◆ **PROBLEM REQUIREMENTS**: Reproduce only this stretch of the listing below: from the line with "Basket Laundry Rattan w/Brown Stripes & Lid" through the line with "設(shè)計布局上沒有絲毫", exactly as written, with pictures excluded.

◆ **DATA TO USE**:
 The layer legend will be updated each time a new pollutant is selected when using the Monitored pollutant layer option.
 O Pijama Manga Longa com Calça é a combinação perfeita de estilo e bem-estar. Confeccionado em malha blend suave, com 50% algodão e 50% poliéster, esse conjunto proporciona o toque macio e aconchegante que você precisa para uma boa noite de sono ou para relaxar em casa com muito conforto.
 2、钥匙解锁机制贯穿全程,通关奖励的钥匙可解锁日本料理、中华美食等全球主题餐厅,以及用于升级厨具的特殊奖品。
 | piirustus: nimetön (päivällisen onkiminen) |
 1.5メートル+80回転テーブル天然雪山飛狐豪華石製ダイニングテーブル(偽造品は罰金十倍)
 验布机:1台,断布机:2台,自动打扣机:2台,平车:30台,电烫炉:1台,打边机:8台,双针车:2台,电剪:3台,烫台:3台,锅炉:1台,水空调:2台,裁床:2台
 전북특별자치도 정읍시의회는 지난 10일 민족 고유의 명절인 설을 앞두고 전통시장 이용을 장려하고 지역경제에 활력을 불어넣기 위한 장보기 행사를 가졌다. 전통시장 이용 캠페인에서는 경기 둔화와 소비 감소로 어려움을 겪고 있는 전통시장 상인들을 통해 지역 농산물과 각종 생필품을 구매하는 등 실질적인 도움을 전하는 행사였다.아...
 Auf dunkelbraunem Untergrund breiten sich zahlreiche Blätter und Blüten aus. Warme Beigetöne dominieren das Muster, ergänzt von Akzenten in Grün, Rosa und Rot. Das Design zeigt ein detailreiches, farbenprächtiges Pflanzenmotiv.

---

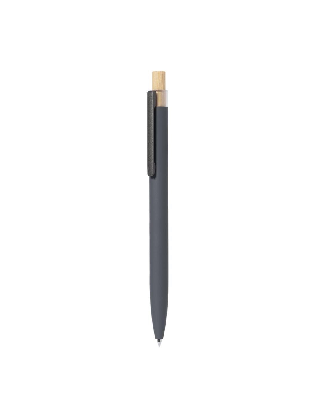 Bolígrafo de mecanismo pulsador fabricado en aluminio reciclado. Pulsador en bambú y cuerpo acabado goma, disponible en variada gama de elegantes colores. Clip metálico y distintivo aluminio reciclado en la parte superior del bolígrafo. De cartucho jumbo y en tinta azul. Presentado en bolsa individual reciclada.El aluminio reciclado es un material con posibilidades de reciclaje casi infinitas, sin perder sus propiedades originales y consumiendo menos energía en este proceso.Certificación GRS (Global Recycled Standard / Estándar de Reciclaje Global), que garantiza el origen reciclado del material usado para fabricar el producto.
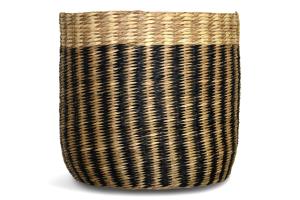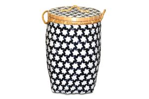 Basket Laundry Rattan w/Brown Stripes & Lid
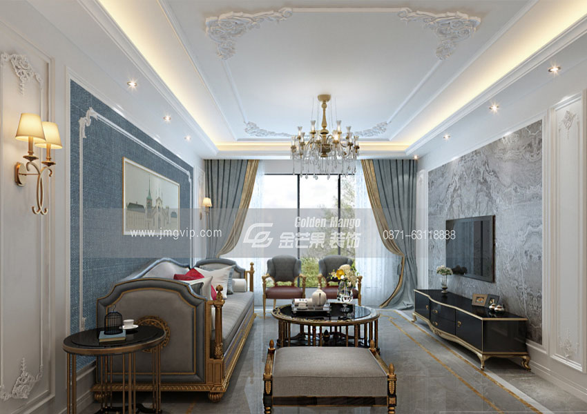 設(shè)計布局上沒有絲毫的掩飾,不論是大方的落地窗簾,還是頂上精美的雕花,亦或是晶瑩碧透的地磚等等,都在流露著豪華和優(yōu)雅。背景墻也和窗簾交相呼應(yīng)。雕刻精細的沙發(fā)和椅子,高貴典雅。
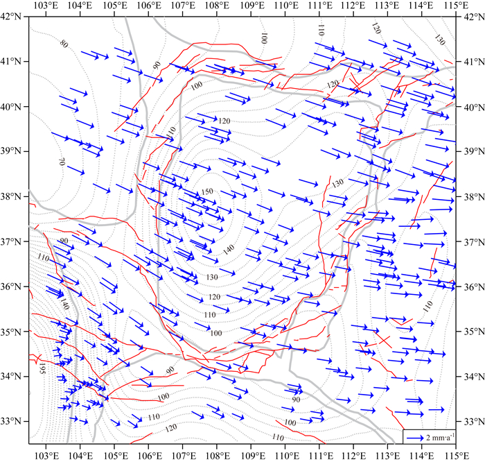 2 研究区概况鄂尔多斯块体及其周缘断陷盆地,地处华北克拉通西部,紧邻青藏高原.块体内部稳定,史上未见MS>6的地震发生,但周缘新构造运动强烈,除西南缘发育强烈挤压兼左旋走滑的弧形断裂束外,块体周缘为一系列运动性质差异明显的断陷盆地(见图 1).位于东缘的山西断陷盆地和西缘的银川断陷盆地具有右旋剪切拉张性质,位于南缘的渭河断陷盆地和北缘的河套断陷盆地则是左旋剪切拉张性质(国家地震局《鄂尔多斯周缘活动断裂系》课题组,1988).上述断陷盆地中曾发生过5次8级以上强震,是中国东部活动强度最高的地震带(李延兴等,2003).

◆ **WRITTEN ANSWER**:
 Basket Laundry Rattan w/Brown Stripes & Lid
 設(shè)計布局上沒有絲毫的掩飾,不論是大方的落地窗簾,還是頂上精美的雕花,亦或是晶瑩碧透的地磚等等,都在流露著豪華和優(yōu)雅。背景墻也和窗簾交相呼應(yīng)。雕刻精細的沙發(fā)和椅子,高貴典雅。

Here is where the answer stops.